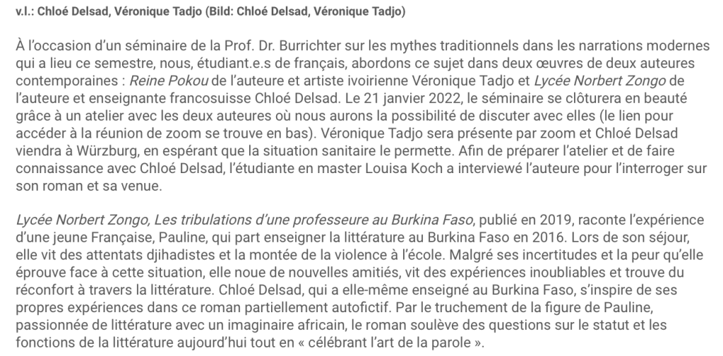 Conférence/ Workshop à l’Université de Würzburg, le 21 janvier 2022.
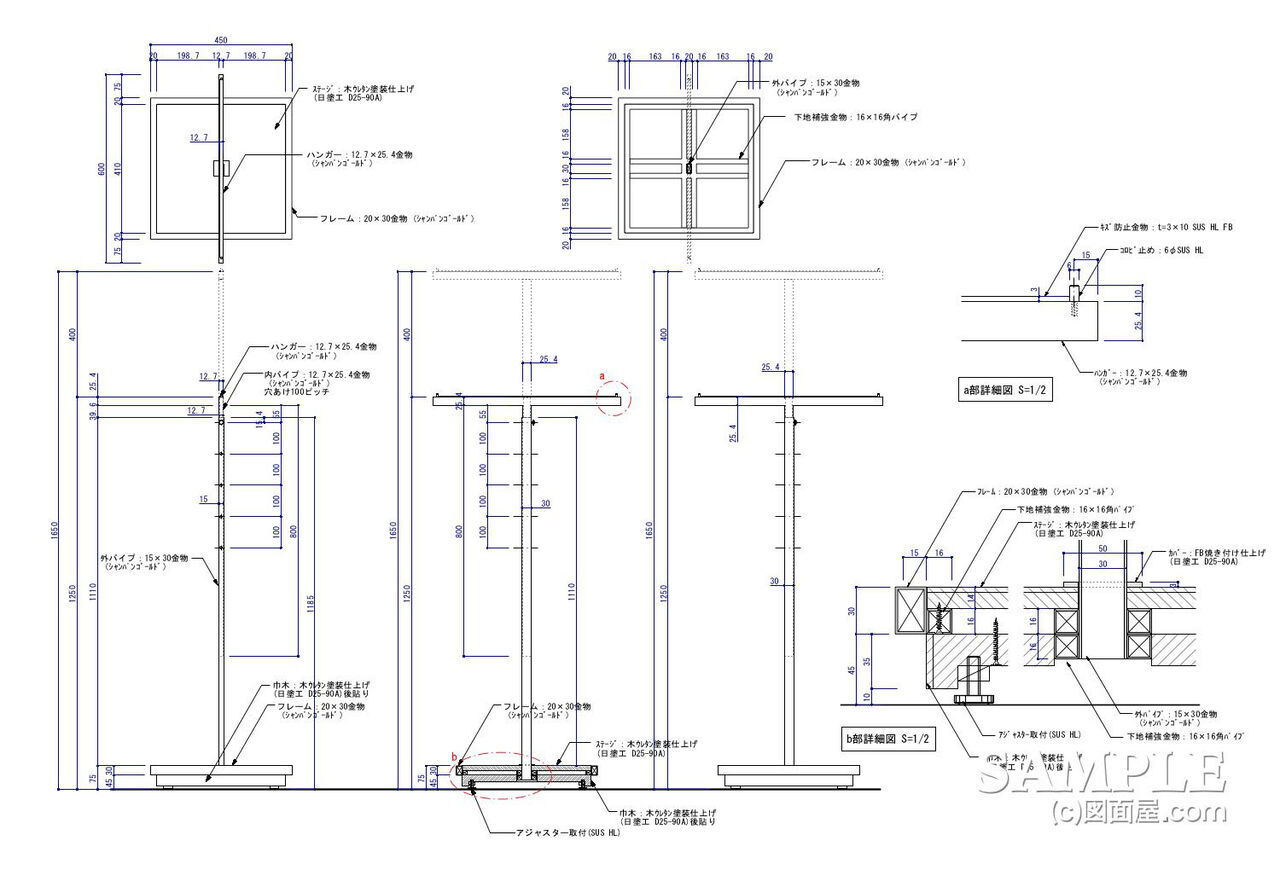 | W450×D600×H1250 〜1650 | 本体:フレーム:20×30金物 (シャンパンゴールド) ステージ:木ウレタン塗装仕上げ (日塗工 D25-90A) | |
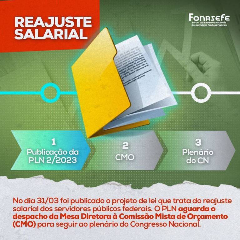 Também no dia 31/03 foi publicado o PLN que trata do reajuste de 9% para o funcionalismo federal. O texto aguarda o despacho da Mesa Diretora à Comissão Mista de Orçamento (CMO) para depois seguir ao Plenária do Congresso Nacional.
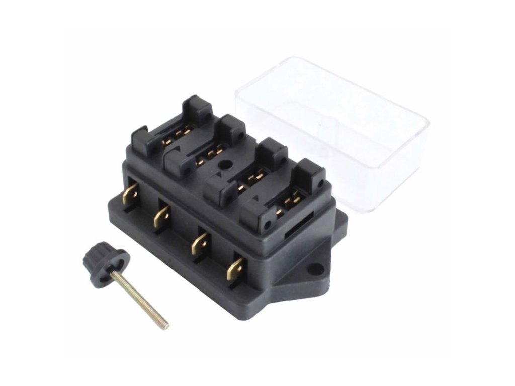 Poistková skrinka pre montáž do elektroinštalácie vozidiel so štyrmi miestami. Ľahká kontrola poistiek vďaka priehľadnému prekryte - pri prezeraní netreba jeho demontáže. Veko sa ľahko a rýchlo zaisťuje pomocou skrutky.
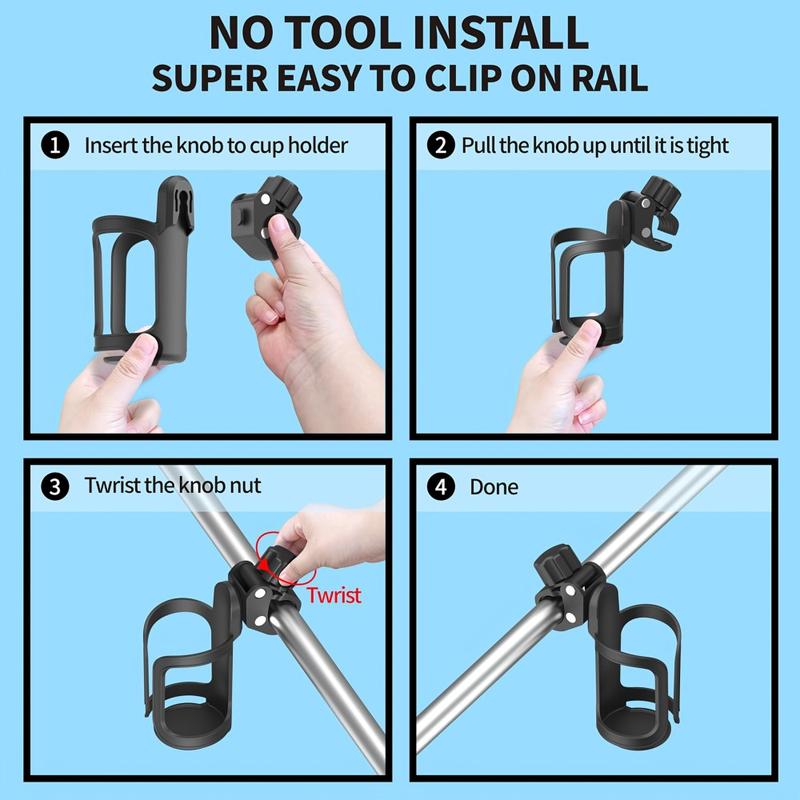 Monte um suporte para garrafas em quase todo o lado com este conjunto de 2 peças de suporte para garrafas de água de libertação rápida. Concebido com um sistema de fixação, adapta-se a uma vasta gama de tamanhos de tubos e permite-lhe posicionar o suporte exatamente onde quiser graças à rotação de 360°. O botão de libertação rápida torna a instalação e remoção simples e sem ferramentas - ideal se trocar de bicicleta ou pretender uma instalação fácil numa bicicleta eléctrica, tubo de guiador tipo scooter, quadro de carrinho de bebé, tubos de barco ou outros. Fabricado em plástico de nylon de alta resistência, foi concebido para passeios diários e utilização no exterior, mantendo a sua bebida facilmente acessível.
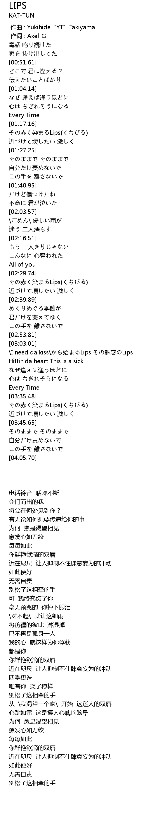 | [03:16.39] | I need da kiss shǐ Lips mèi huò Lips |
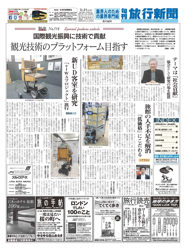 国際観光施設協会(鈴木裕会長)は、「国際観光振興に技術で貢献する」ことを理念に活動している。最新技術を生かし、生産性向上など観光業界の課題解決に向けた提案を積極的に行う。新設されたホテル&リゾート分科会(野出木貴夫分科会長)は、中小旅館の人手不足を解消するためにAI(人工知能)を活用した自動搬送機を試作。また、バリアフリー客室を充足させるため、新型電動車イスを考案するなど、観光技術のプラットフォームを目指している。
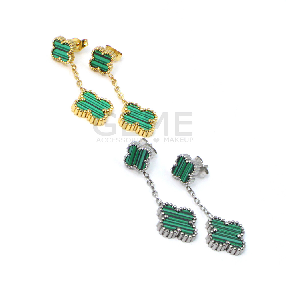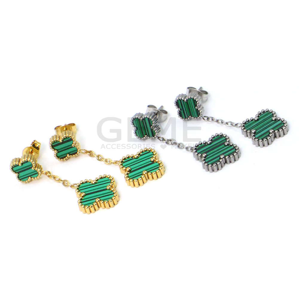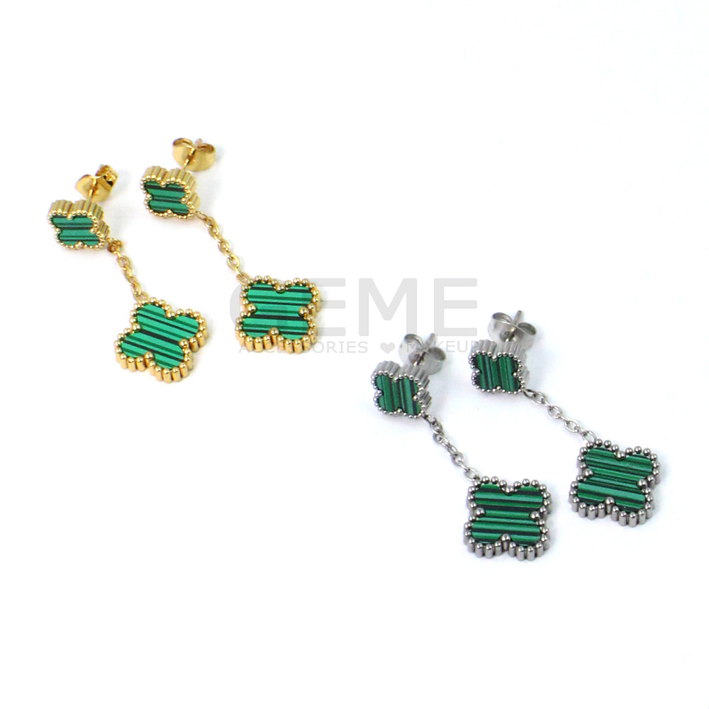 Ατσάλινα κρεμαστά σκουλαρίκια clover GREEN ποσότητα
+--
_Work to be completed:_ Leaving the images out, retype all the material above exactly.

_Your response:_
 Conférence/ Workshop à l’Université de Würzburg, le 21 janvier 2022.
 | W450×D600×H1250 〜1650 | 本体:フレーム:20×30金物 (シャンパンゴールド) ステージ:木ウレタン塗装仕上げ (日塗工 D25-90A) | |
 Também no dia 31/03 foi publicado o PLN que trata do reajuste de 9% para o funcionalismo federal. O texto aguarda o despacho da Mesa Diretora à Comissão Mista de Orçamento (CMO) para depois seguir ao Plenária do Congresso Nacional.
 Poistková skrinka pre montáž do elektroinštalácie vozidiel so štyrmi miestami. Ľahká kontrola poistiek vďaka priehľadnému prekryte - pri prezeraní netreba jeho demontáže. Veko sa ľahko a rýchlo zaisťuje pomocou skrutky.
 Monte um suporte para garrafas em quase todo o lado com este conjunto de 2 peças de suporte para garrafas de água de libertação rápida. Concebido com um sistema de fixação, adapta-se a uma vasta gama de tamanhos de tubos e permite-lhe posicionar o suporte exatamente onde quiser graças à rotação de 360°. O botão de libertação rápida torna a instalação e remoção simples e sem ferramentas - ideal se trocar de bicicleta ou pretender uma instalação fácil numa bicicleta eléctrica, tubo de guiador tipo scooter, quadro de carrinho de bebé, tubos de barco ou outros. Fabricado em plástico de nylon de alta resistência, foi concebido para passeios diários e utilização no exterior, mantendo a sua bebida facilmente acessível.
 | [03:16.39] | I need da kiss shǐ Lips mèi huò Lips |
 国際観光施設協会(鈴木裕会長)は、「国際観光振興に技術で貢献する」ことを理念に活動している。最新技術を生かし、生産性向上など観光業界の課題解決に向けた提案を積極的に行う。新設されたホテル&リゾート分科会(野出木貴夫分科会長)は、中小旅館の人手不足を解消するためにAI(人工知能)を活用した自動搬送機を試作。また、バリアフリー客室を充足させるため、新型電動車イスを考案するなど、観光技術のプラットフォームを目指している。
 Ατσάλινα κρεμαστά σκουλαρίκια clover GREEN ποσότητα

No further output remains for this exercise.